● EXERCISE BRIEF: Word for word, restate the listing; omit the pictures.

● SUPPLIED INFORMATION:
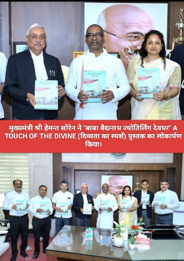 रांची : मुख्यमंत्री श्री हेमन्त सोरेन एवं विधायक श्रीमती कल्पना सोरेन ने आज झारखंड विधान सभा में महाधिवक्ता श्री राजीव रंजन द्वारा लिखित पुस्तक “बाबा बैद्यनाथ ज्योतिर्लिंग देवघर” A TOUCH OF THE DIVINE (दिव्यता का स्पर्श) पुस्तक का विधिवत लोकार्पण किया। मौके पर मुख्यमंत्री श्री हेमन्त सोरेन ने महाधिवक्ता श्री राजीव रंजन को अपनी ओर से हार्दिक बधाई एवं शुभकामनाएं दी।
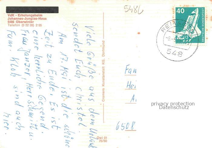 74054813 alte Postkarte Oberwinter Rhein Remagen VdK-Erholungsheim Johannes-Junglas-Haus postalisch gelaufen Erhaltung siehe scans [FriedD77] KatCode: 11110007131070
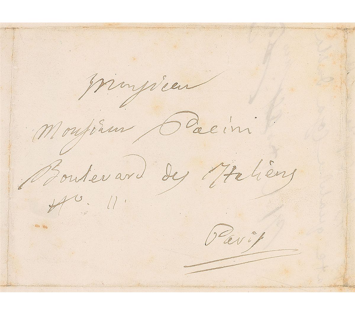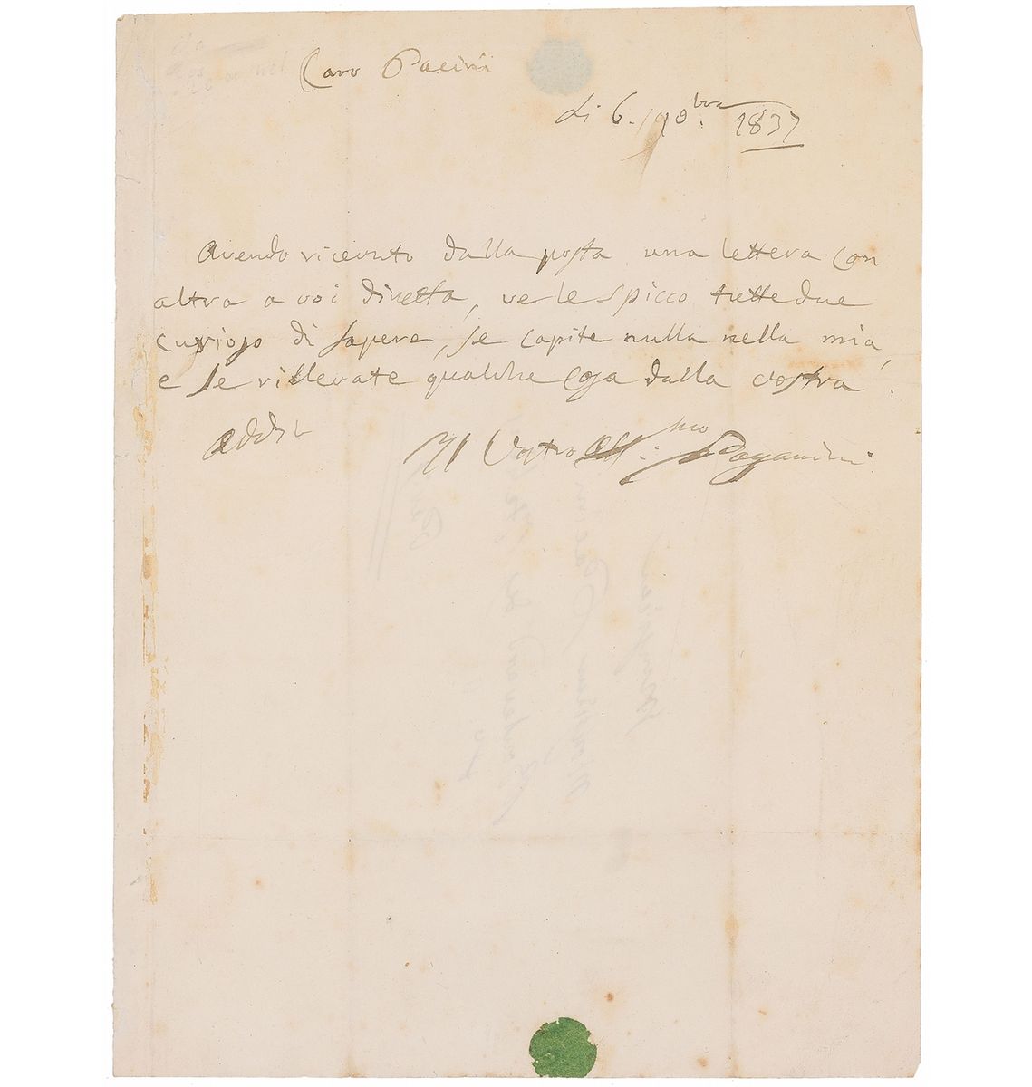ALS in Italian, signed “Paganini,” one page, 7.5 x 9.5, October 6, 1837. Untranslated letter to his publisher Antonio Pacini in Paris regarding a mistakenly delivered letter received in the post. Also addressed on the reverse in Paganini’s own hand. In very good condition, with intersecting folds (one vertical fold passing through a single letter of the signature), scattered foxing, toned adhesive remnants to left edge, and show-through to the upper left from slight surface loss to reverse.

● RESPONSE:
 रांची : मुख्यमंत्री श्री हेमन्त सोरेन एवं विधायक श्रीमती कल्पना सोरेन ने आज झारखंड विधान सभा में महाधिवक्ता श्री राजीव रंजन द्वारा लिखित पुस्तक “बाबा बैद्यनाथ ज्योतिर्लिंग देवघर” A TOUCH OF THE DIVINE (दिव्यता का स्पर्श) पुस्तक का विधिवत लोकार्पण किया। मौके पर मुख्यमंत्री श्री हेमन्त सोरेन ने महाधिवक्ता श्री राजीव रंजन को अपनी ओर से हार्दिक बधाई एवं शुभकामनाएं दी।
 74054813 alte Postkarte Oberwinter Rhein Remagen VdK-Erholungsheim Johannes-Junglas-Haus postalisch gelaufen Erhaltung siehe scans [FriedD77] KatCode: 11110007131070
ALS in Italian, signed “Paganini,” one page, 7.5 x 9.5, October 6, 1837. Untranslated letter to his publisher Antonio Pacini in Paris regarding a mistakenly delivered letter received in the post. Also addressed on the reverse in Paganini’s own hand. In very good condition, with intersecting folds (one vertical fold passing through a single letter of the signature), scattered foxing, toned adhesive remnants to left edge, and show-through to the upper left from slight surface loss to reverse.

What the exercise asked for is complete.